The lack of consultation was an obvious mistake as three members of the club were on the city council and at least one of them saw the piece as uncomplimentary which of course is always a danger with editorials of any sort. The club’s communication committee, on which I did not sit wasn’t happy with the idea for obvious reasons.
I did not continue the practice and there was not enough content to produce a spike in local traffic.   Regardless, the vacancy is still there, as neither radio station will touch the idea. It is a service all towns need if democracy is to function properly. Done right with club support, I still think it a viable idea.
As Rotarians, I think we have an obligation to ensure that democracy prospers not just within our own organization but within our society as well. How we do that is a challenge we need to explore more deeply.

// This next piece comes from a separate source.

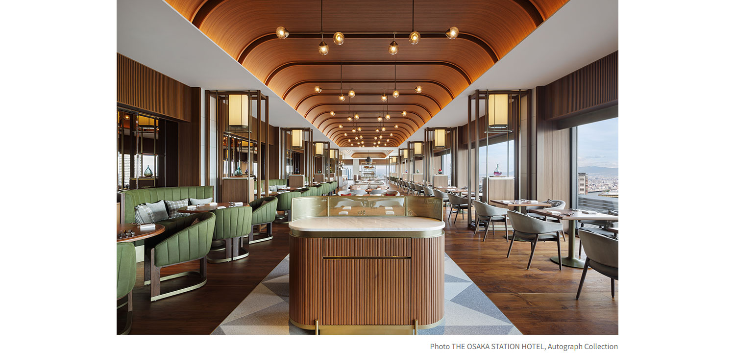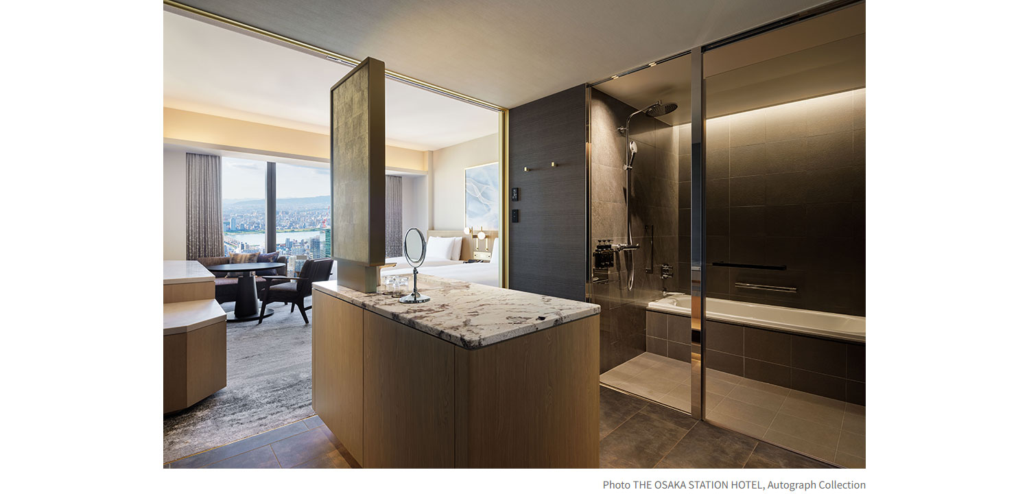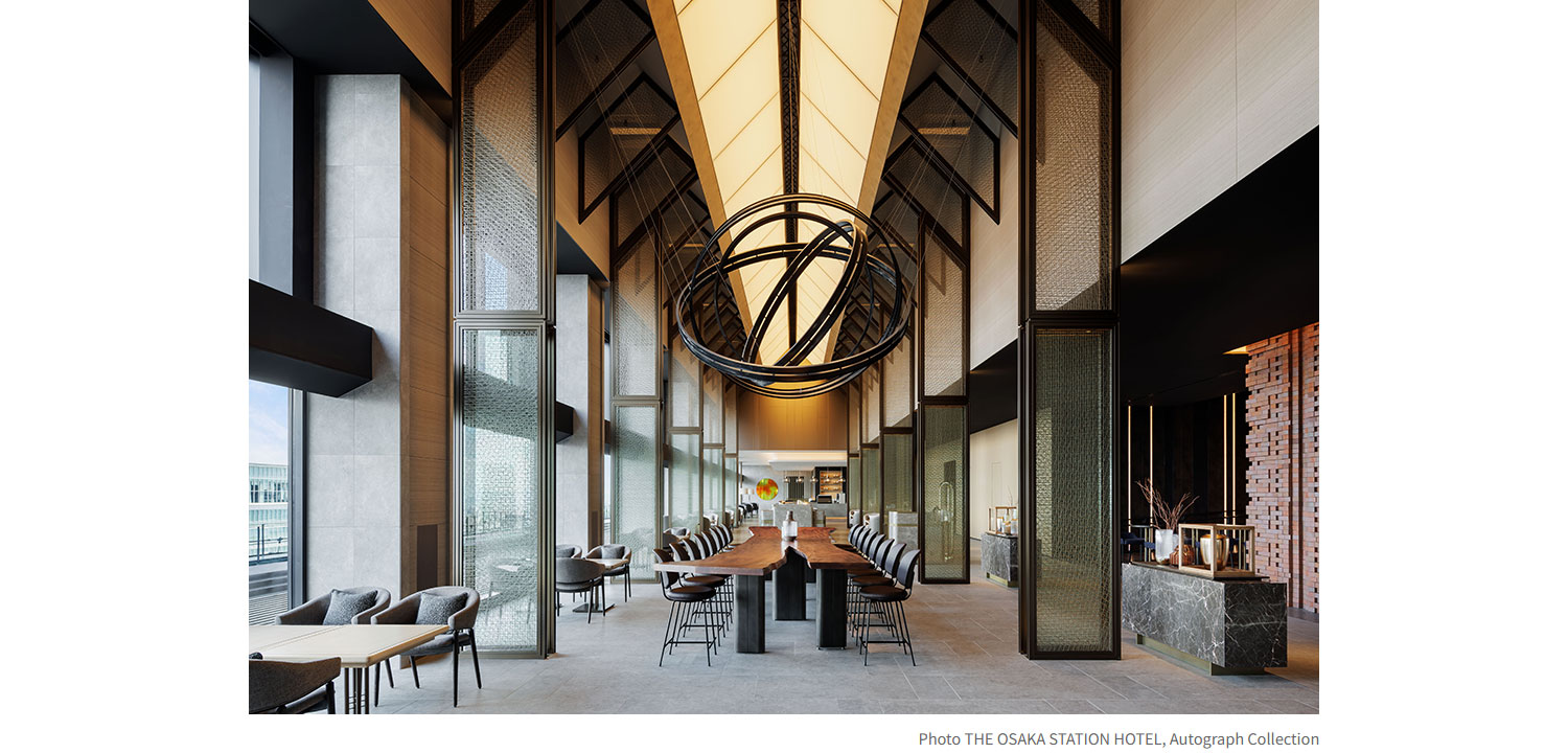 THE OSAKA STATION HOTEL, Autograph Collection はJR大阪駅西口に直結した「JPタワー大阪」内に2024年7月31日に開業しました。1874年に初代大阪駅が開業した地であり、この大阪で紡がれてきた歴史や文化、その価値を未来へと継承していくことをブランドコンセプト「THE OSAKA TIME」に込めています。ホテルデザインは、各エリアを巡ることで生まれたTime Travel(時空の旅)というストーリーによって、大阪の歴史、文化、体験からインスパイアされたさまざまな工芸や素材によって創り込まれ、「鉄道・駅の記憶」を大切な誇りに、唯一無二の体験を提供しています。設計・デザインは、乃村工藝社、日建設計、FOO、安井建築設計事務所などが担当しています。

In conclusion, one way or another many clubs must expand the content on their site if they are to achieve maximum value for the cost. Clubs must pay more attention to their website, its content, and the amount of traffic that is generated. Club members must come to accept that everyone has ownership of the website in a way that is more dramatic than with social media pages. That has not happened yet. However, the failed experiment with editorials in the community was the trigger that began the Rotary Club of Dryden’s greater member involvement, one that has continued to grow during the past year.
Innovation always involves risk. Failure always involves learning. For Rotary clubs, websites are first-generation experiments. Only by sharing our successes and failures can we continue to grow in this new and exciting era of communications.